Restaurant Trademarks Bozo; Bozo The Clown Unhappy
MASON, Tenn. (AP) _ Bozo the Clown isn’t laughing about a restaurant’s attempt to obtain a trademark on his name, which he says ″will carry on long after I go to that circus in the sky.″
″Who are these people in Mason, Tennessee, to tell me how famous they are?″ asked Larry Harmon, who created Bozo the Clown.
He was angry about a decision that gives a rural western Tennessee restaurant the right to use his name on franchises from coast to coast.
Bozo’s restaurant, which serves pork barbecue, is based in the town of Mason, population 471.
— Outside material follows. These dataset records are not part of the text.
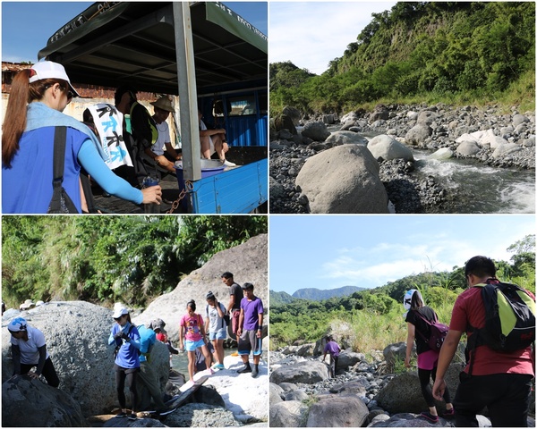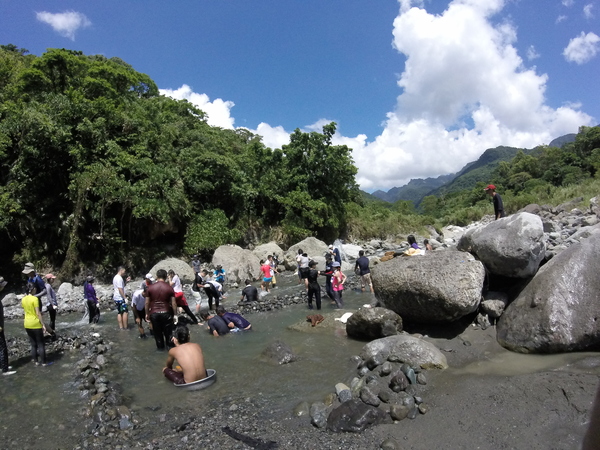 一行人跟著部落青年與耆老們坐上貨車、攀越過巨石來到比西里岸成功鎮富家溪,這裡的水流十分湍急,水質也很清澈。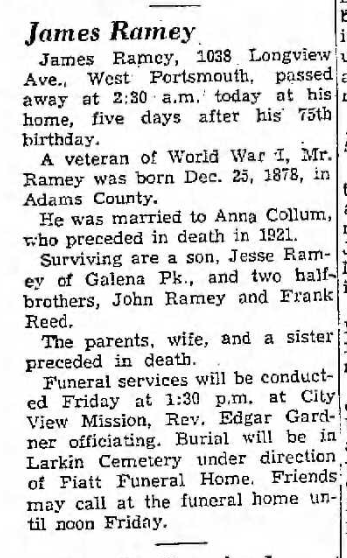“James Ramey, 1038 Longview Avenue, West Portsmouth, passed away at 2:30 AM today at his home, five days after his 75th birthday.”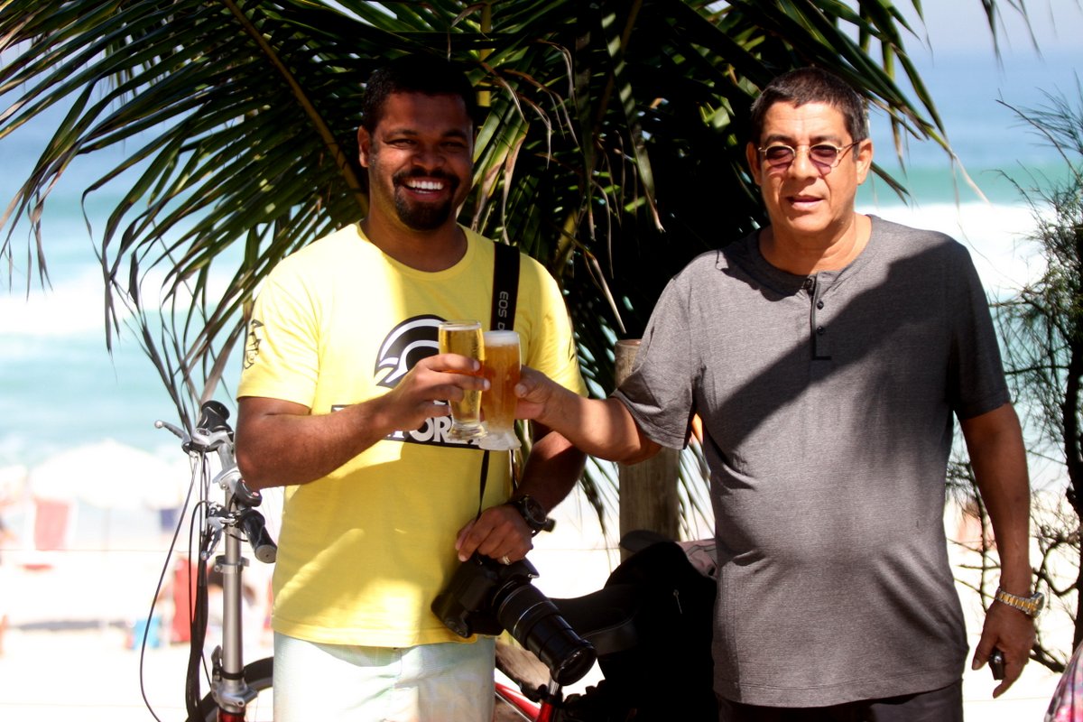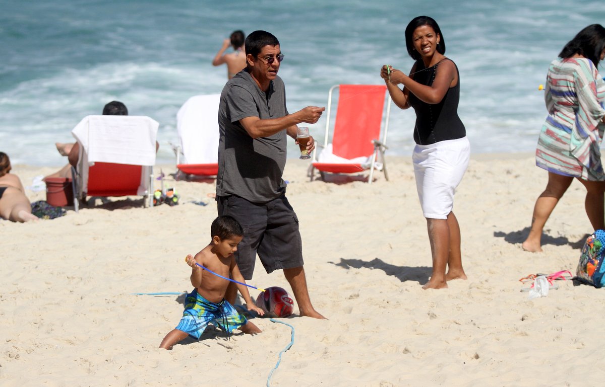Zeca Pagodinho mostrou mais uma vez que é mesmo 'gente como a gente' e aproveitou a tarde desta sexta-feira, 2, para curtir o neto. Claramente sem deixar a querida cervejinha de lado, paga por um paparazzo que é fã do artista, o pagodeiro brincou nas areis da Praia da Barra da Tijuca, no Rio de Janeiro.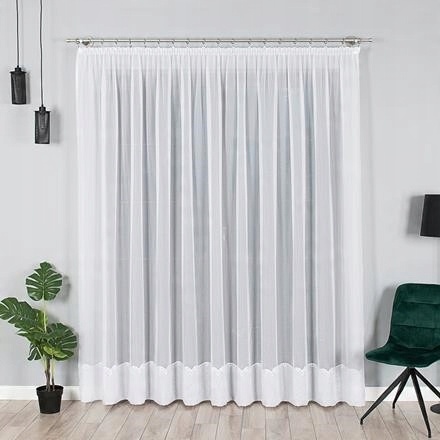 Красивая, элегантная штора из вуали с декоративной полосой внизу, высота 300 см.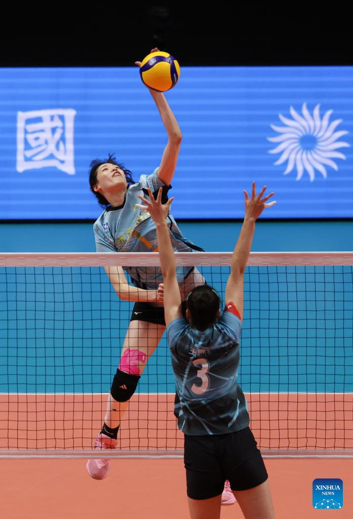 Li Yingying (top) of Tianjin competes during women's volleyball group A match between Tianjin and Sichuan at China's 15th National Games in Macao, south China, Nov. 11, 2025. (Xinhua/Sun Fanyue)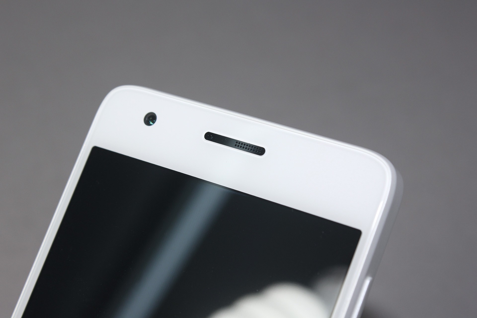 ZUK有个特色设计,和老罗的锤子差不多的方式把听筒附近相关传感器尽量合并收拢设计在听筒框内,这样在白色面板的机器上,视觉效果更清爽。左上角为800万像素的前置摄像头,f/2.0光圈。听筒右侧还隐藏有一颗呼吸灯。

Restaurant owner Jeff Thompson of Memphis has no plans to branch out or franchise, but decided to protect the right to use the name by filing for a national trademark in 1982, said assistant manager Dot Cottam.
″There are no plans at the present, but in the future, who knows?″ Cottam said.
The U.S. Patent and Trademark Office decided the restaurant, a local fixture since 1923, attracts enough out-of-state customers to trademark its name nationally.
″The whole world has recognized the greatness and love of Bozo,″ Harmon said Thursday from his New York City office. ″Don’t I have the right to protect what’s mine?″
″Bozo has been my life,″ he said. ″It is my life. It will carry on long after I go to that circus in the sky.″
His lawyers have appealed to the U.S. Court of Appeals in Washington.